Soraya Ravenle reestreia monólogo no Rio e comenta experiência de estar sozinha no palco: “É como uma linha que não pode ser interrompida”


No Carnaval, a atriz estrelou o musical “Sassaricando”, que trazia no enredo marchinhas que marcaram as décadas de folia. Sobre os novos questionamentos que baniram parte dessas músicas, Soraya Ravenle destacou a importância de pensarmos o contexto nas quais foram criadas e os atuais.

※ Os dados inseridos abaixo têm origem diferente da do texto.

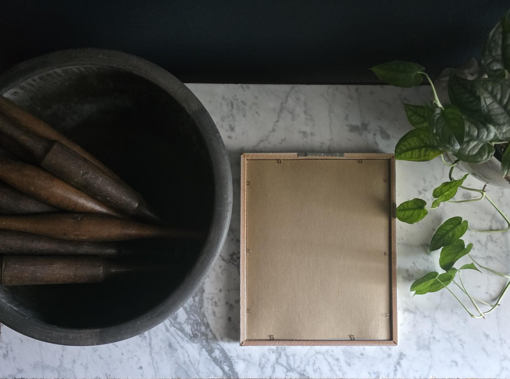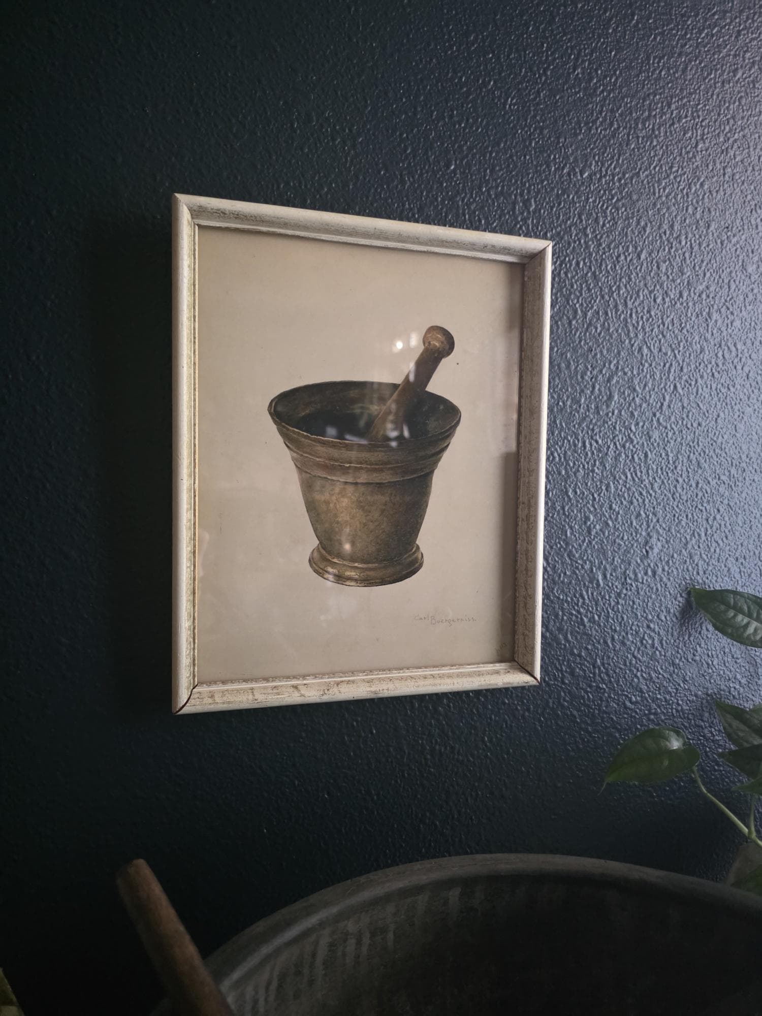 One (1) Vintage Framed Mortar and Pestle Lithograph: A small, charming vintage lithograph of a classic brass mortar and pestle, framed in a distressed cream frame. This artwork beautifully complements the theme, reinforcing the apothecary or traditional culinary aesthetic of the set. The simple yet charming wood frame is worn with age. The artists name is captured on the print Carl Buergerniss and numbered in the right-hand corner ("j113) in pencil.
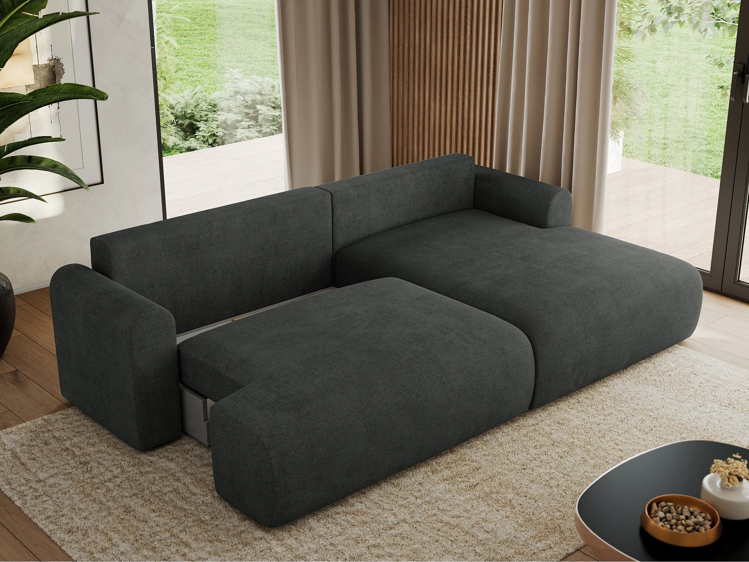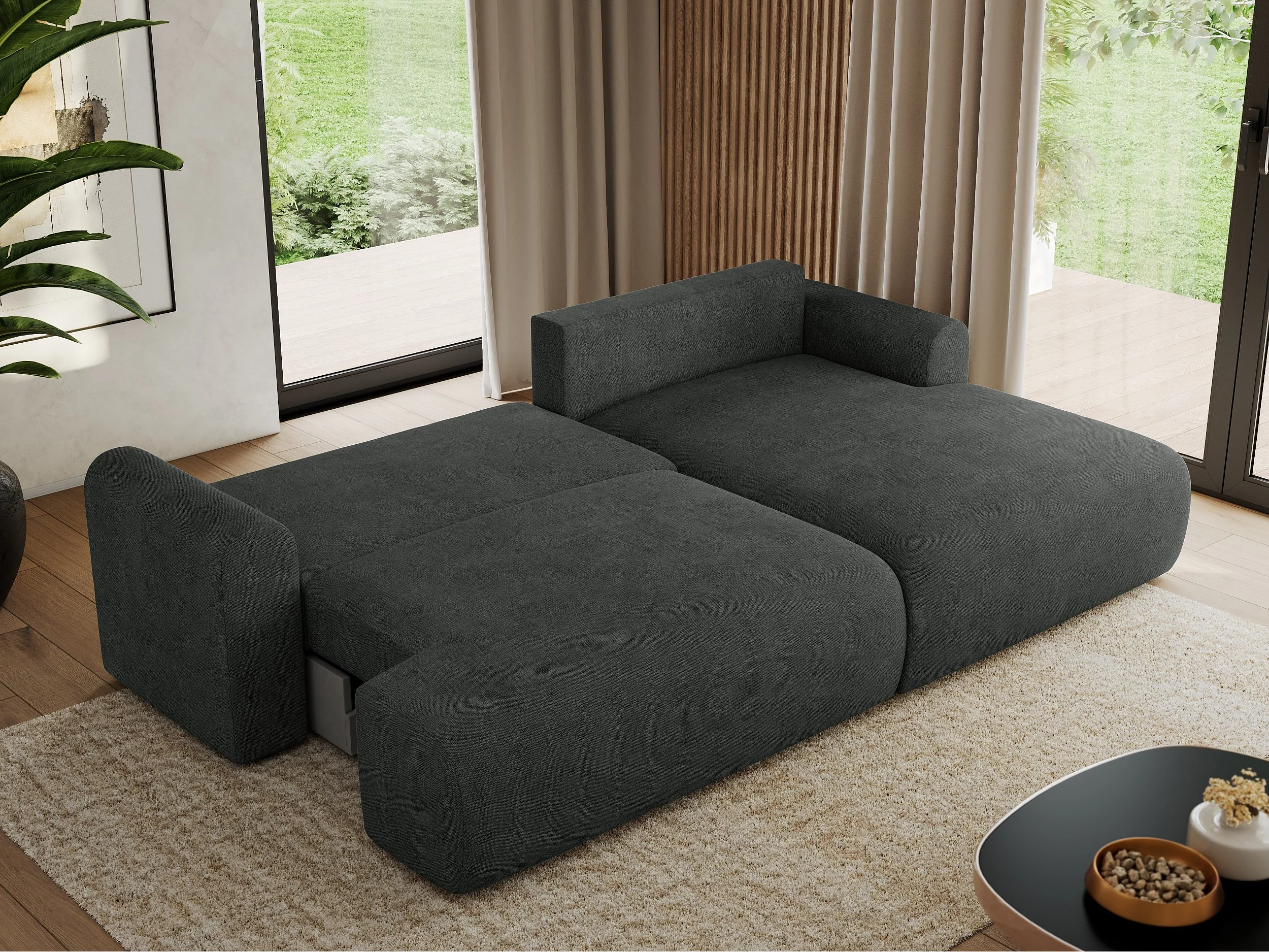 Ecksofa TONO - mit Schlaffunktion und Bettkasten, L-form Ecke, Armlehnen - Dunkelgrau Struktur - Ecke Rechts
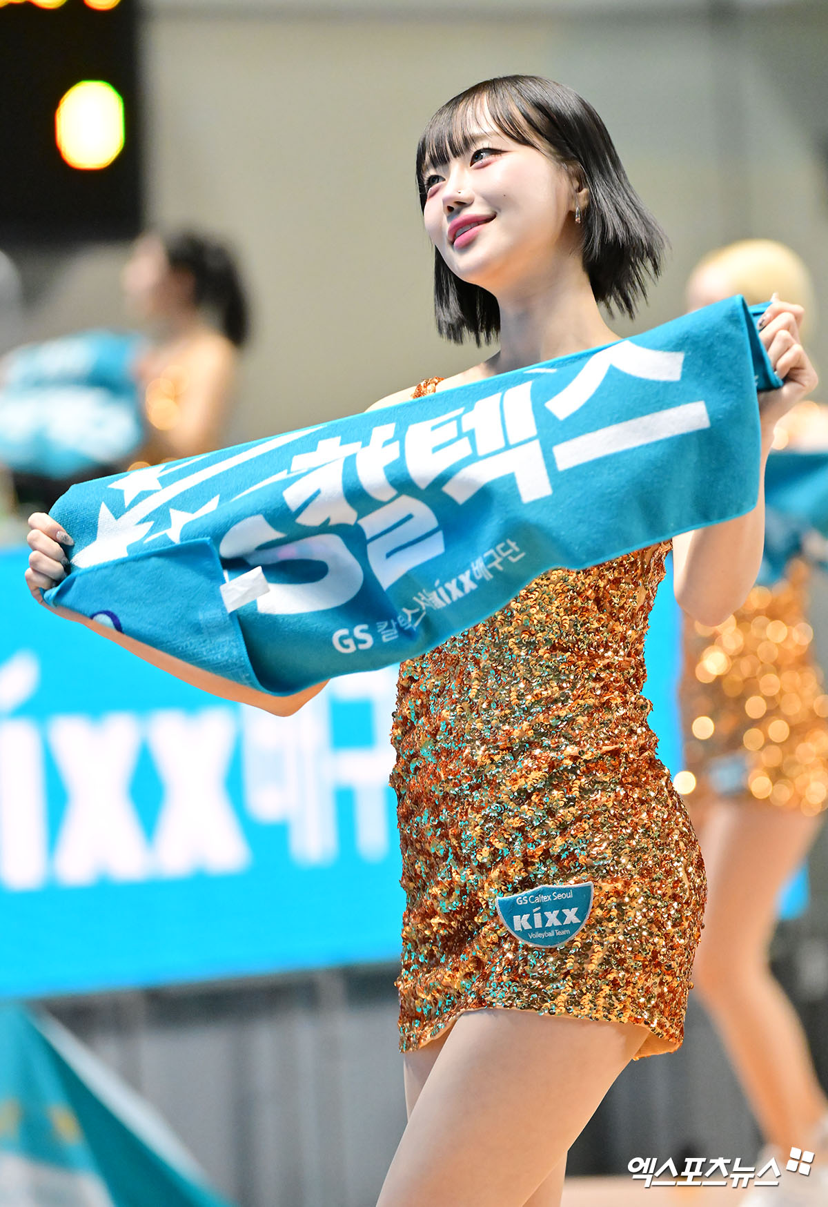 (엑스포츠뉴스 장충, 김한준 기자) 11일 오후 서울 장충체육관에서 열린 '진에어 2025-2026 V-리그' GS칼텍스와 페퍼저축은행의 경기, 백지혜 치어리더가 열띤 응원을 선보이고 있다.
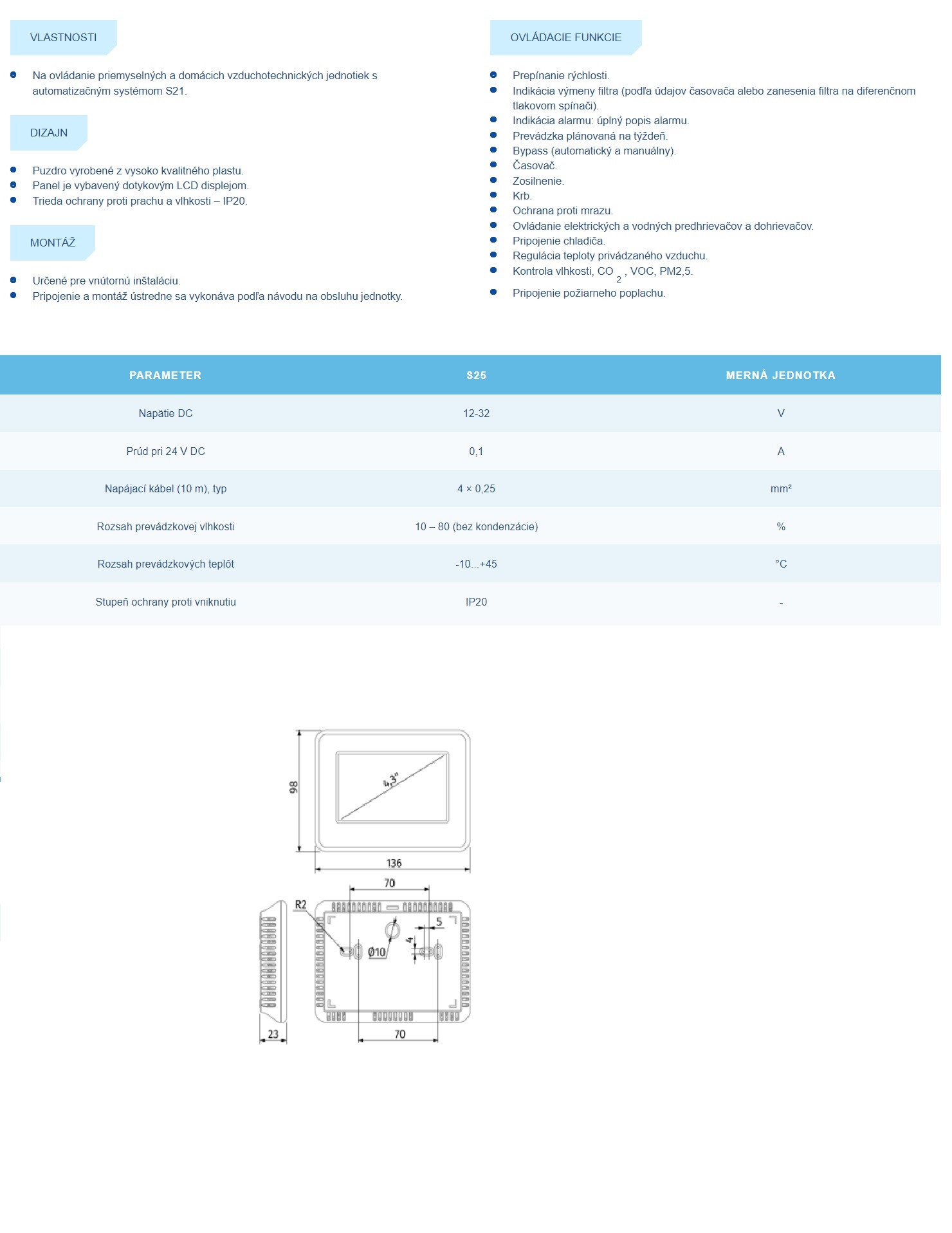 Ovládací panel S25 so senzorovým displejom slúži na ovládanie rekuperačných jednotiek s automatizačným systémom S21.
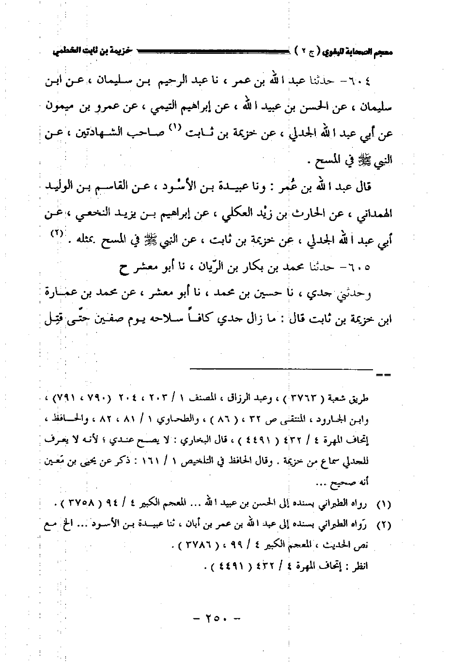 ٦٠٤ - حدثنا عبد الله بن عمر نا عبد الرحيم بن سليمان عن ابن سليمان عن الحسن بن عبيد الله عن إبراهيم التيمي عن عمرو بن ميمون عن أبي عبد الله الجدلي عن خزيمة بن ثابت صاحب الشهادتين عن النبي صلى الله عليه وسلم في المسح.
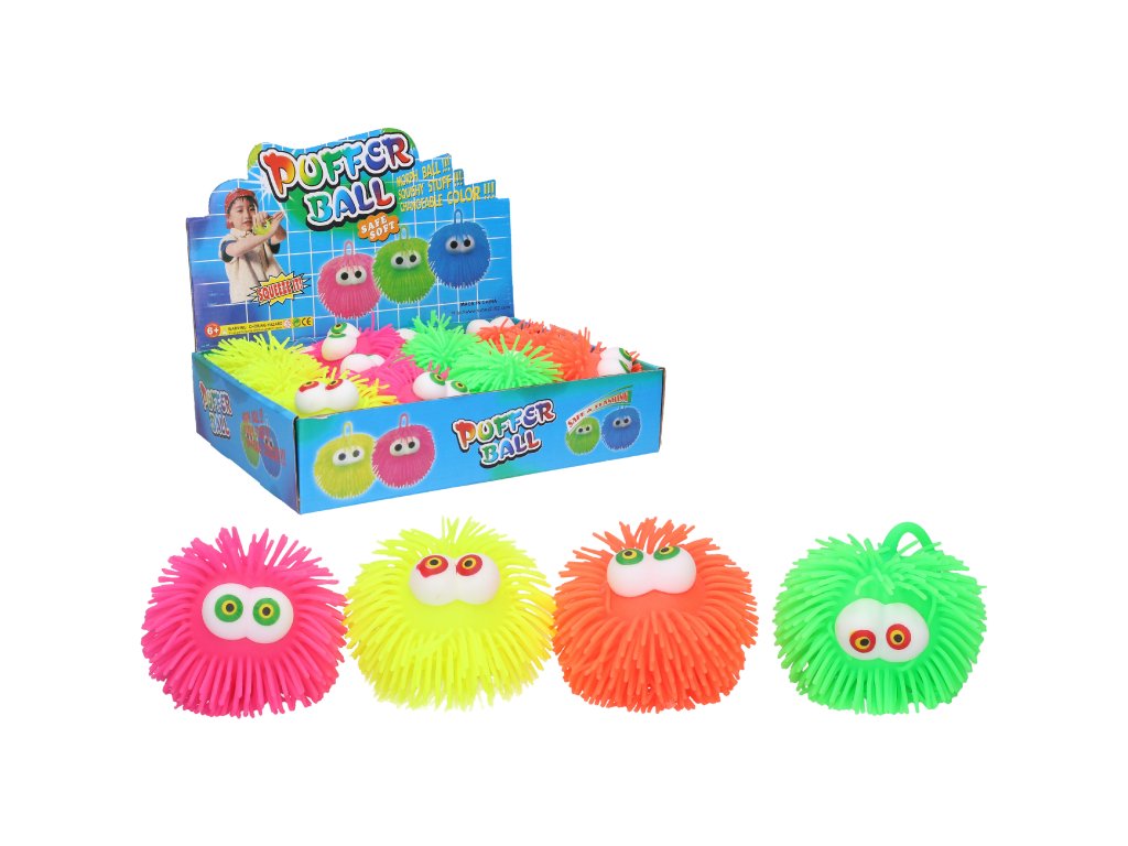 Mačkací míček blikající. Průměr 10 cm. 1xAG3 (LR41) baterie zabudovaná uvnitř hračky, nelze vyjmout. 12 ks display box. 4 varianty - růžová, žlutá, červená, zelená.
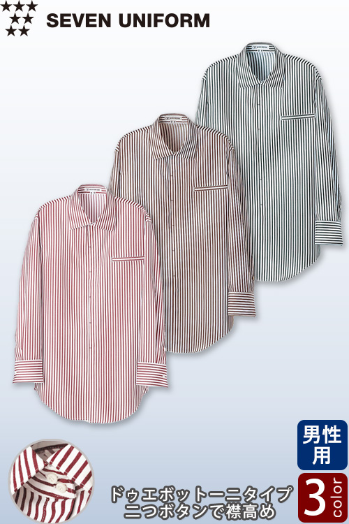 飲食店販売店制服 シャツ【男性用】3色 2つボタンの爽やかなストライプシャツ

Um espetáculo prático, intenso e que caiba no bolso. Foi essa a combinação que motivou Soraya Ravenle a produzir o monólogo “Instabilidade Perpétua”. Depois do sucesso da primeira temporada, a atriz reestreou a peça no Midrash Centro Cultural, no Leblon. No enredo, Soraya passeia por questões filosóficas da existência humana em sociedade. Em entrevista ao HT, a atriz explicou o que a despertou a voltar em cartaz com o monólogo. “Há cinco anos, mais ou menos, acalento o desejo de fazer um solo pelo exercício de fazer algo que nunca havia experimentado. Fora isso e principalmente, queria algo que eu pudesse levar para qualquer lugar; seja uma sala de aula, uma praça ou a casa de alguém. Enfim, eu queria estar no essencial do teatro, o ator e seu corpo, e também um texto que fosse relevante nos dias de hoje”, contou.

E Soraya Ravenle achou todos esses fatores na narrativa de Juliano Garcia Pessanha. Autor do original que gerou o monologo estrelado pela atriz, ele traz para o teatro questões da essência do homem em uma relação próxima com as artes. Segundo Soraya, a obra do autor é fruto de uma combinação entre poesia e filosofia. “Juliano tem uma escrita híbrida, composta por historietas, aforismo e elementos autobiográficos. Não temos uma história de começo, meio e fim, e, sim, as reflexões sobre a arte, o artista e suas questões atuais. O monólogo fala também da chegada da criança nesse mundo hiper nomeado e técnico e da nossa dificuldade de entrega e afeto nas relações em geral. Ou seja, são assuntos básicos e estruturais da vida de todos nós”, detalhou.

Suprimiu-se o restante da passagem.